The overwhelming inclusion of interventionist contact could also potentially speak to a broader discomfort in the field with removing all of the human interaction from a therapeutic intervention. While this hesitation is not inherently negative, it will be important for future studies to compare “pure” eHealth interventions with no interventionist to interventions with some “live” component in order to begin to understand the potential role of interventionists in eHealth intervention delivery. This type of comparison will lead to a deeper understanding of the potential impact of intervention design on important psychosocial outcomes. By better understanding the potential role of the interventionist as a potential “active ingredient” in effective eHealth interventions, future researchers will be able to develop interventions with maximal impact on family functioning and clinical care.

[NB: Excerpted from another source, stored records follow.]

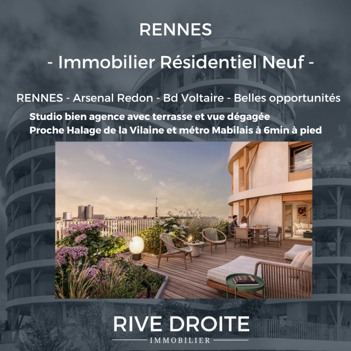 RIVE DROITE vous propose : OPPORTUNITE A NE PAS MANQUER - RENNES Bd Voltaire - Emplacement idéal à 750m du halage et des bords de Vilaine pour de belles ballades, du métro Anatole France à 6min à pied, découvrez cette belle résidence à l'architecture très moderne. Découvrez sans tarder ce SUPERBE STUDIO avec TERRASSE et BELLES VUES DEGAGEES - INVESTISSEMENT DE QUALITE - IDEAL pour LOCATIF PATRIMONIAL - FRAIS DE NOTAIRE REDUITS - DISPO 2028 - RARE SUR LE MARCHE - RESERVEZ LE DES MAINTENANT !Â
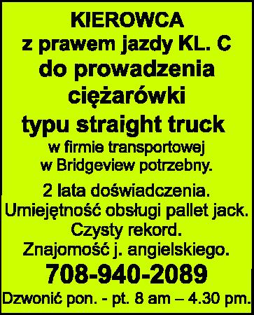 w firmie transportowej w Bridgeview potrzebny. 2 lata doświadczenia. Umiejętność obsługi pallet jack. Czysty rekord. Znajomość j. angielskiego. 708-940-2089 Dzwonić pon. - pt. 8 am – 4.30 pm.
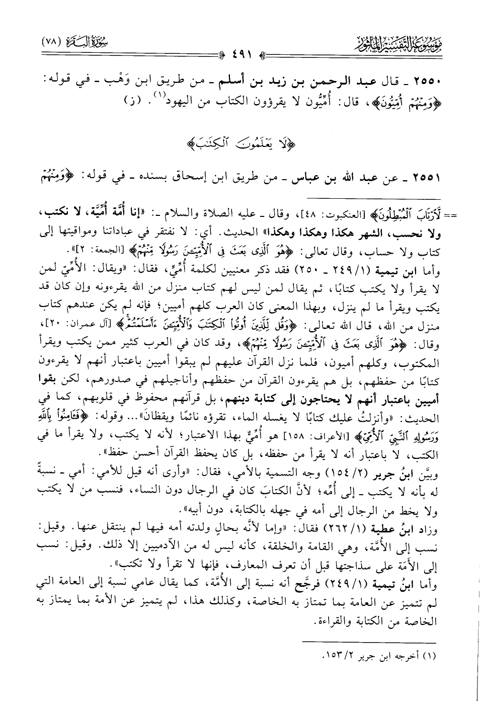 ٢٥٥٠ - قال عبد الرحمن بن زيد بن أسلم -من طريق ابن وهْب- في قوله: {ومنهم أميون}، قال: أُمِّيُّون لا يقرؤون الكتاب من اليهود (¬١). (ز)
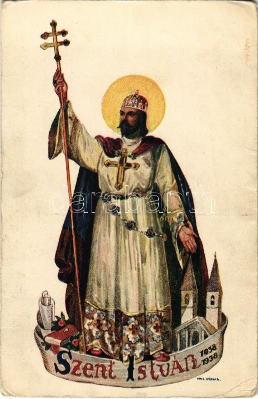 Szent István 1038-1938 / King Saint Stephen of Hungary (EB) https://www.darabanth.com/de/412-Fernauktion/412.0/Ansichtskarten/Personlichkeiten~2000044/Szent-Istvan-1038-1938-King-Saint-Stephen-of-Hungary-EB~II2570642
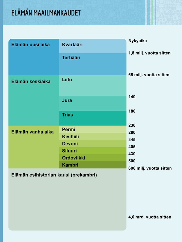 Jakaminen Sulje Maailmankaudet eivät jakaannu samanpituisiin kausiin: esimerkiksi elämän esiaika on lähes 50 kertaa pidempi ajanjakso kuin elämän uusi aika. Diagrammissa on esitetty suhteellinen maailmankausien pituus toisiinsa verrattuna sekä maailmankausien pituus miljoonina vuosina. Pysyvä osoite https://peda.net/id/d927eb157b0 Pysyvä tiedoston latausosoite https://peda.net/id/d927eb157b0:file/download/3ffc1564e152cb9753d055ddf74e7c342c939636/elaman-maailmakaudet-slide.png Jakaminen muihin palveluihin Share this page to Facebook QR-koodi

In addition to future work identifying the core components of effective eHealth interventions, future researchers should consider including additional outcomes, such as cost effectiveness, which may make a strong case for eHealth intervention delivery even if family-level outcomes do not differ significantly from those reported in effective in-person interventions. With the identification of “active ingredients” and a clearer understanding of factors that predict success in eHealth interventions, novel intervention designs such as SMART trials may provide a structured model for using decision points to triage families into eHealth vs. in-person interventions (Collins, Collins, Murphy, & Strecher, 2007; Noser, Cushing, McGrady, Amaro, & Huffhines, 2017). Another potential area for future research is person preference studies, where participants would select whether they would like to receive an in-person or eHealth/mHealth intervention. This would help to determine whether these interventions are effective for individuals who select this modality and, in theory, might not otherwise receive a desired or necessary service. eHealth/in-person “hybrid” designs, where technology might be utilized to include family members who are geographically or otherwise unable to participate in person, present another interesting possibility for future research. By actively increasing the flexibility of eHealth/mHealth interventions, as opposed to assuming that they are inherently more flexible by nature of relying on technology, the impact on family-centered processes might become more robust.

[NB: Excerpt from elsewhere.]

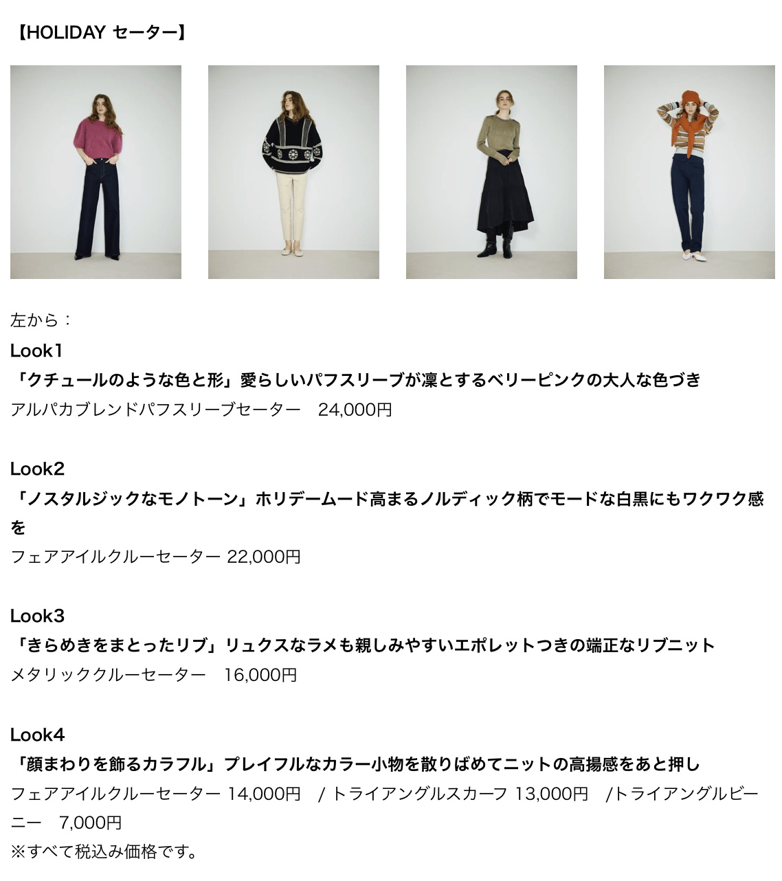 さらに、アルパカブレンドやメタリック、フェアアイルといった纏うだけで華やかなデザイン性に優れたホリデームードを高めるセーターが揃います。
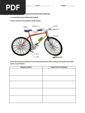 Perkara sedemikian sesuai untuk perjalanan jauh kerana ia juga boleh disimpan dalam beg pakaian atau beg perjalanan padat. 48 02 BT RBT TG2 2018-BAB 22a-Watie-Finindd 48 7617 330 PM Aplikasi Teknologi BAB 2 223 Menghasilkan Lakaran 3D Reka Bentuk Gajet yang Menggunakan Komponen Sistem Mekanikal yang Dipilih Setelah pereka bentuk mengenal pasti idea inovasi yang akan dilakukan pada gajet. Reka Bentuk Basikal.

Like all studies, this systematic review should be considered in the context of its limitations. Given the variability among selected target outcomes and measurement of these outcomes, this review is primarily descriptive and does not include a meta-analytic component. Unpublished studies were not included, which raises concern for publication bias. In addition to potential non-publication of null findings, it is possible that new and exciting work that could change conclusions exists but has not yet been published (e.g., doctoral dissertations). This review was also limited to studies with a chronic-illness focus; family-centered studies with broader focuses (e.g., health promotion or prevention programs in the general population) may also provide important guidance for future work in pediatric psychology.

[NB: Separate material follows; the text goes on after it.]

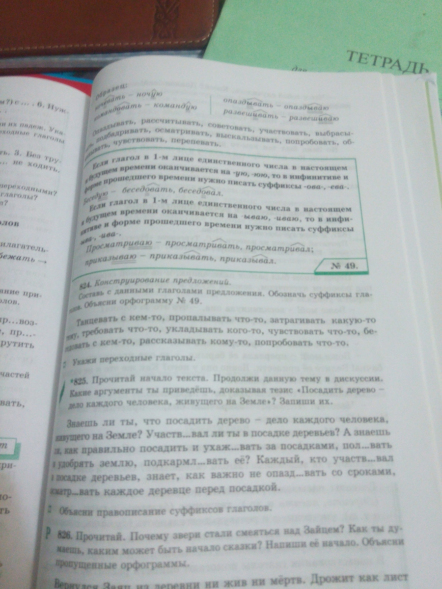 Упражнение 824. Составь с данными глаголами предложения. Обозначь суффиксы глаголов. Вот

The current study provides a synthesis of the literature related to family systems eHealth interventions for children with chronic illnesses and their families. While many of the included studies reported encouraging results in at least one target outcome, there was great variability between studies with regard to selected outcomes and robustness of findings. As society continues to move rapidly towards greater reliance on technology in all areas, it will be important for the field of family psychology to gain a better understanding of the processes underlying the development of successful eHealth interventions to ensure the design and deployment of effective and efficacious family systems interventions.